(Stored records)
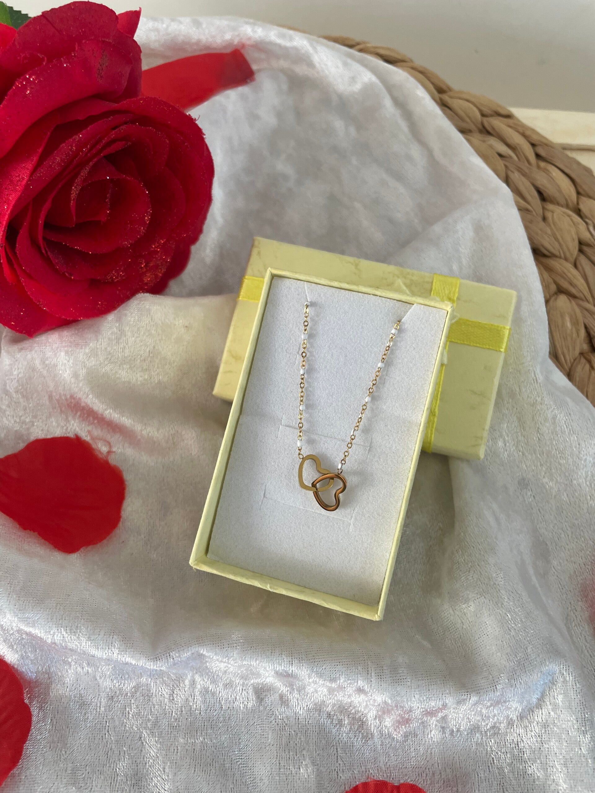 Laissez-vous séduire par ce bracelet raffiné en acier doré, sublimé par de délicates perles en émail blanc et une paire de cœurs entrelacés, symboles d’union et de tendresse.
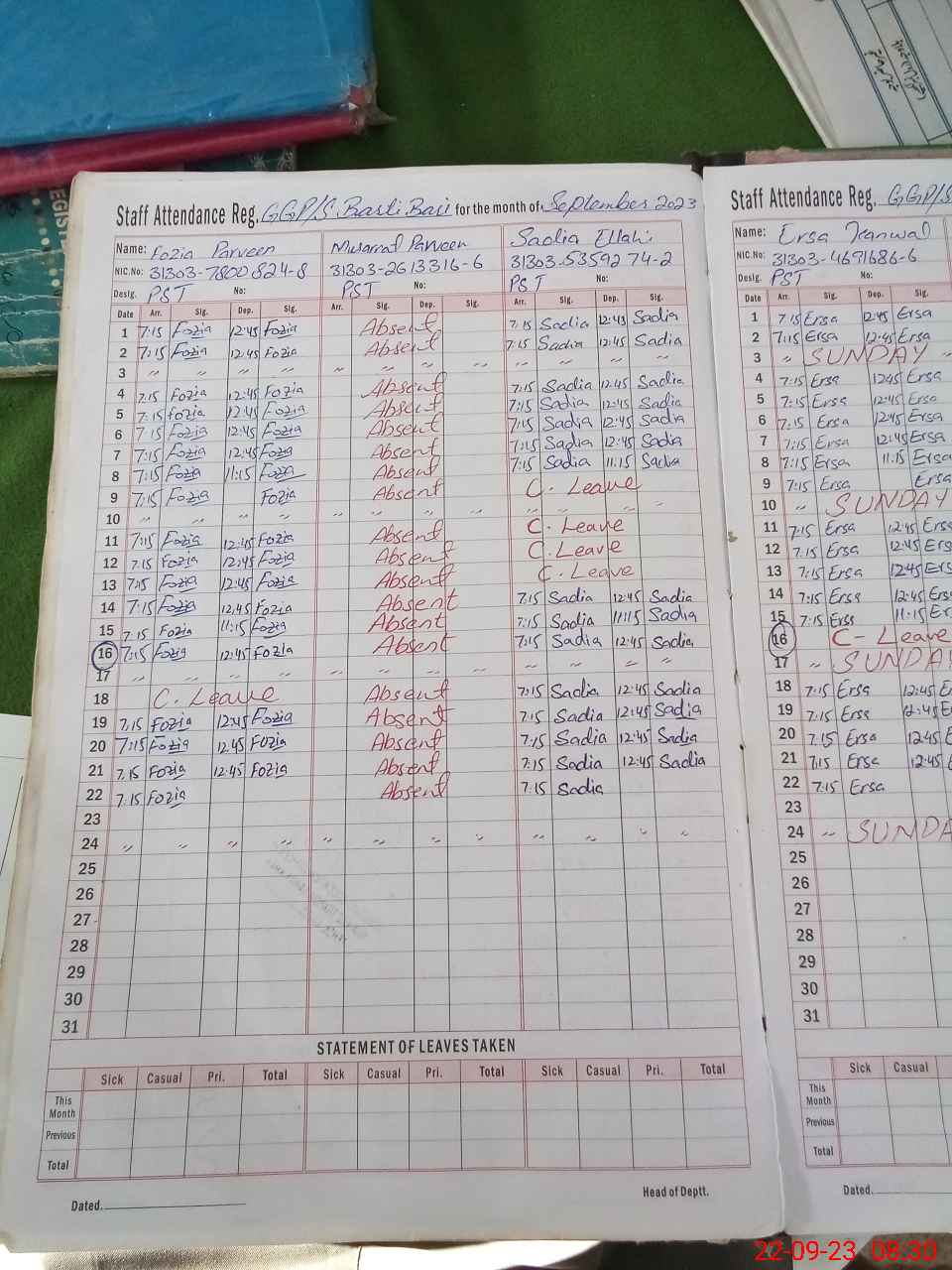| 31**** | Mu**** Pa**** | 1 | 1 | 0 | 0 | 0 | 0 | 0 | 0 | 0 | 0 | 0 | Absent (Un-Authorized) |
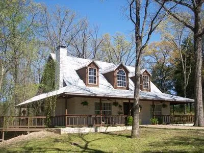 Too cute for Texas? You bet your boots. This Texas Heritage style architecture really sets this home apart. Nestled back in the trees and situated on almost two acres this home allows you to have plenty of elbow room and privacy while being only minutes from World Famous Lake Fork. This home is over 1840 sq feet heat/cool and more than 2750 sq feet under roof. Notice the aggregate wash walkway up to the covered porch with double wide French doors and coach lanterns. You have a huge wrap around porch with ceiling fans and a fantastic deck off of one side. You will love the open floor plan, high ceilings, large, stone wood burning fireplace, and the rich hard wood floors that run throughout the living area and kitchen. The kitchen has sanded slate counters and a granite covered kitchen-island. The master bedroom is large with wonderful down lighting, crown molding and French doors...
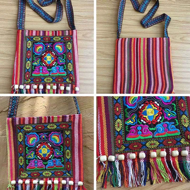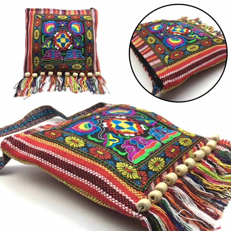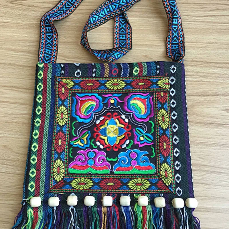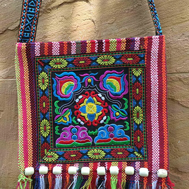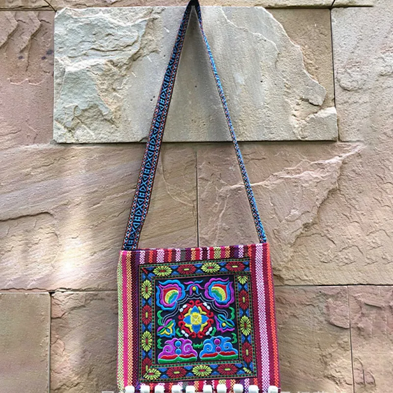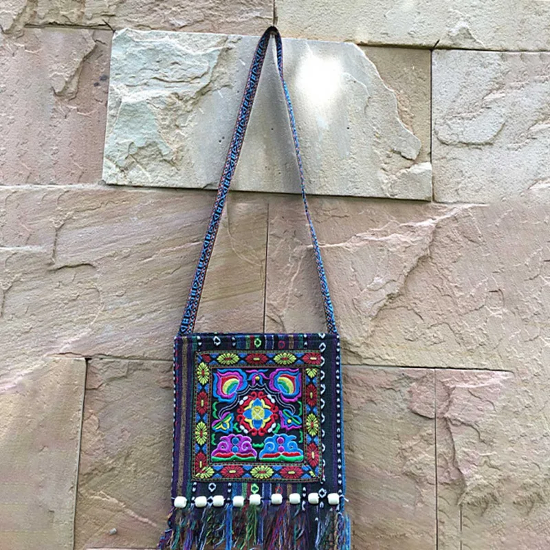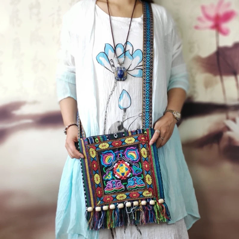 Vintage Hmong Tribal Ethnic Thai Indian Boho Shoulder Bag Message Bag for Women Embroidery Tapestry Tote Messenger
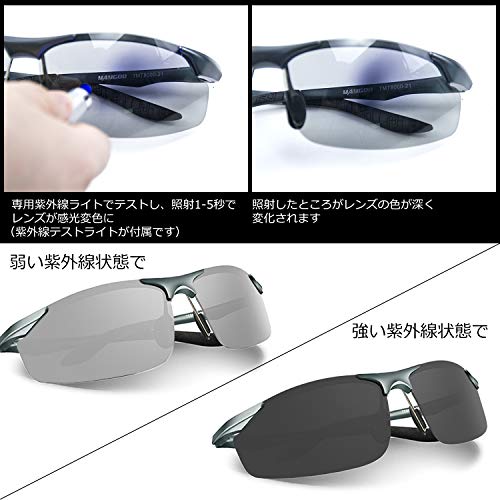こちらの変色調光サングラスは、メンズとレディースが兼用で使用できるユニセックスタイプのサングラスで、周辺の明るさによってレンズの色が変わる調光レンズを装備しているアウトドアサングラスです。
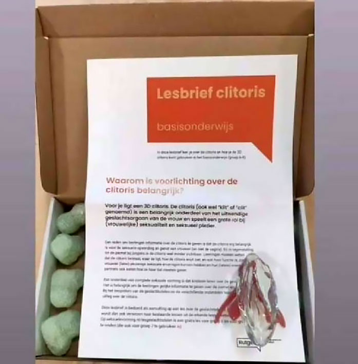 Parte del programa escolar de Rutgers / OMS / ONU “Spring Fever” está entregando clítoris en 3D a las niñas para alentarlas a comenzar a masturbarse. Por supuesto, defienden esto con afirmaciones de lo importante que es para las niñas conocer su propio cuerpo.

* _TASK ITEM_:
Your answer must be an exact copy of the lines from the start of the entries through the line with "Absent (Un-Authorized) |", with no pictures.

* _EXERCISE OUTPUT_:
 Laissez-vous séduire par ce bracelet raffiné en acier doré, sublimé par de délicates perles en émail blanc et une paire de cœurs entrelacés, symboles d’union et de tendresse.
| 31**** | Mu**** Pa**** | 1 | 1 | 0 | 0 | 0 | 0 | 0 | 0 | 0 | 0 | 0 | Absent (Un-Authorized) |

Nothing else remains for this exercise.